If the site uses workspaces, we can configure the Data Load utility to load data into a workspace. To load data into a workspace, configure the Data Load utility job to identify the workspace, task group, and task name in the job parameters. For example, the following parameter format identifies a workspace, task group, and task name:
workspaceIdentifier=xx&taskGroupName=yy&taskName=zz- Set the remaining properties for the scheduled job:
Parameter Value Start date and Start time Provide the date and time that this job is to start. The time must be entered in the 24-hour clock format. Associated user Type the user on whose behalf this job is to run. By default, the user ID of the current user is entered in this field. Set the value of this field to be the same as the value for the user in the LOGONID column of the USERREG database table. Allowed host Type the name of the host that runs this job. If this parameter is omitted, the job can be run by on any host. This parameter is only needed if the scheduler runs on multiple hosts and if a job must be restricted to only one of the hosts. Use the following format to specify the host name: name.domain Schedule interval Type the number of seconds between successive runs of this job. If this parameter is omitted, the job runs only once. Job attempts and Seconds to retry Type the number of times that the scheduler is to retry the job if the job fails. For the Seconds to retry parameter, type the number of seconds before the scheduler tries to run a failed job again. We must enter a value for both fields before the scheduler retries running a failed job. Scheduler policy Specify the policy that is to be used by the scheduler when the job fails to run. Select whether the job is run once, and when the next run is to occur in the future, or whether the job runs as many times as necessary to recover all missed runs. Job priority Type a number to be associated with the priority of this job. This value is inserted into the SCCPRIORITY column of the SCHCONFIG table. A greater number indicates a higher priority job. Application type Select the application schedule pool that the job is a part of. The purpose of this field is to constrain resource-intensive jobs to a limited number of threads. The application types, and the rules that govern their access to resources, are defined by the user under the WebSphere Commerce Administration Console. The default application type is null.

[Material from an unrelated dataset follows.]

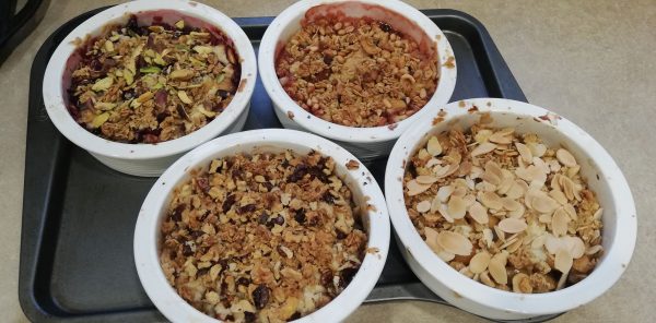 Եթե է՛լ ավելի յուրահատուկ բան եք ուզում ստանալ, մյուսլիի վրայից էլ որեւէ ընկուզեղեն ավելացրեք: Այս անգամ, օրինակ, բալով քրամբլի վրա մանր կտրատած պիստակ եմ ավելացրել, խնձորով քրամբլի վրա՝ մանրած ընկույզ, կեռասով քրամբլի վրա՝ նուշի փաթիլներ, իսկ սալորով քրամբլի վրա՝ մանրացրած կաղին (պնդուկ):

For more information about the full set of parameters for scheduled jobs, see Scheduling a site-level job.
If we are using configuring multiple Data Load utility jobs for the same store, consider whether the data that the jobs loads requires any existing parent data. For example, categories must exist before we can load catalog entries into the categories. If your data does require existing parent data, consider loading the data within the same load operation. We can configure the load order of the Data Load utility operation to load the data in the correct sequence. Otherwise, configure the start times for the scheduled jobs so that the scheduled job that loads the parent data finishes before the job that loads the child data starts.
- Click OK. Your Data Load utility job is now listed on the Scheduler Status Display page and runs at the configured start date and time. When the configured time interval elapses, the scheduled job runs again to retrieve an input file from the configured directory and load the data. This interval is the value that you set for the Schedule interval parameter.